Tissue Engineering Approaches for Spinal Cord Injury

Recent advances in nerve regeneration show that a combinatorial approach like tissue engineering, which integrates scaffolds, cells, and growth factors, is a creative strategy to achieve a completely successful treatment for SCI. The ultimate goal of tissue engineering in the treatment of SCI is to replace and restore the anatomical and functional structure of the damaged spinal cord. Cell transplantation, involving introduction of cells without scaffolds, encounters some problems like poor cell localization and survival, and uncontrolled differentiation following transplantation.

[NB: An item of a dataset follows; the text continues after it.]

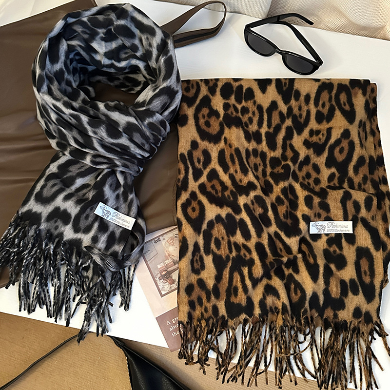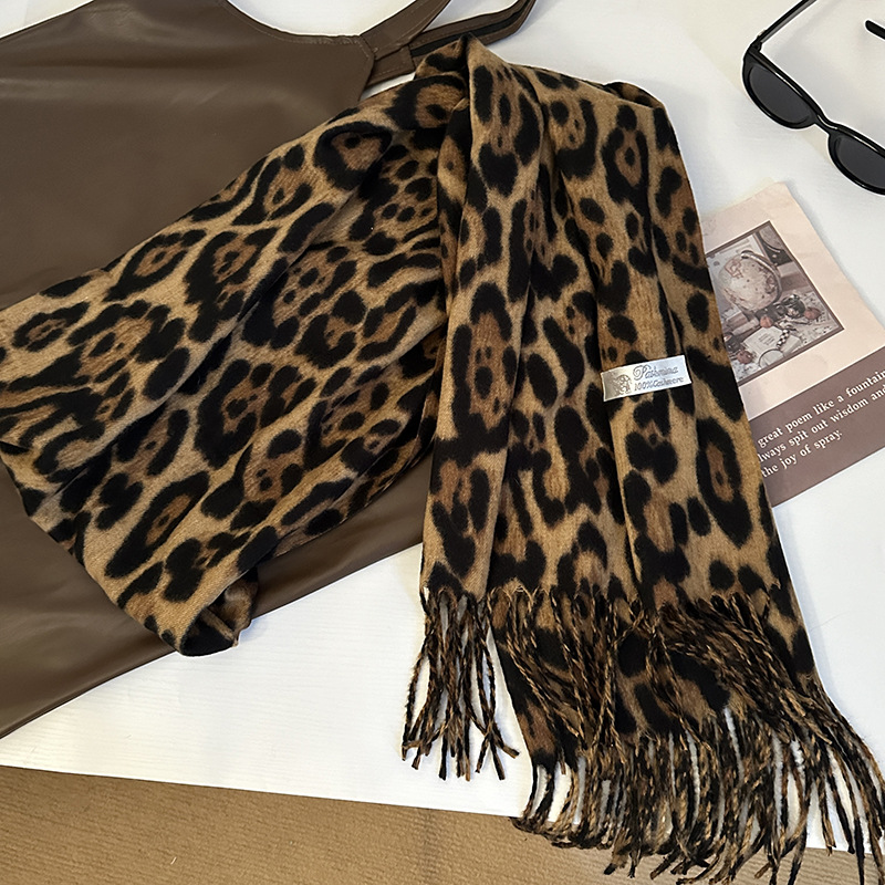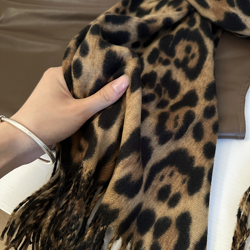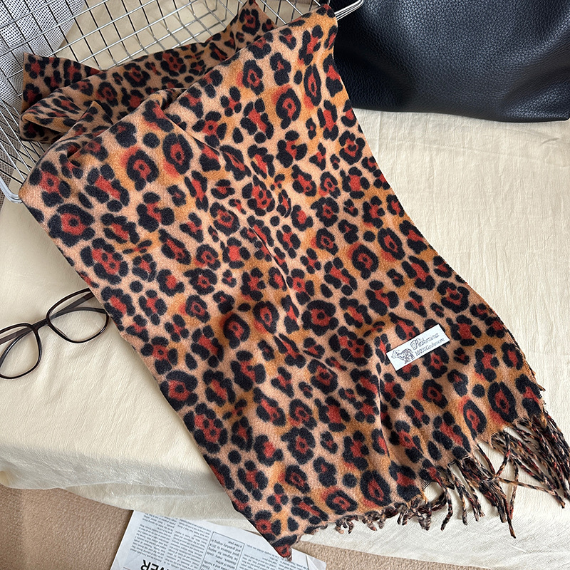 떨어지는 수영장 뜨개질 ~ 그물 빨간 스카프 미국 뜨거운 소녀 분위기 표범 목도리 여성의 가을과 겨울 따뜻한 스카프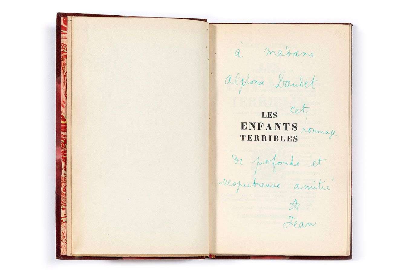 Les enfants terribles. Roman. Paris, Grasset (Pour mon plaisir), 1929. In-16, maroquin lie-de-vin à coins, dos lisse finement orné de 4 losanges mosaïqués et d'un jeu de f leurons dorés, auteur, titre et date dorés, filet doré aux plats, tête dorée, non rogné, couv. et dos conservés [Yseux s[u]c[cesseur] de Simier] (un coin frotté).

Cell survival is enhanced when the cells are introduced within a cell carrier (scaffold), and thus, their integration and the success rate of their differentiation into appropriate cell types could be improved. This is to be expected because the regenerative process in the injured spinal cord is affected by the absence of extracellular matrix at the lesion site. In the presence of a scaffold, an extracellular matrix analog, the transplanted cells can be directed and organized to promote regeneration in the injured spinal cord. This is because these scaffolds serve as a bridge for the regenerating axons and guide them from one end of the injury site to the other end. In addition, the presence of cellular components in or on the scaffolds increases the healing effects and might shorten the healing time. Consequently, tissue engineering, a new perspective on SCI therapy, is an effective strategy that combines cells, scaffolds and growth factors for proper regeneration of a damaged spinal cord.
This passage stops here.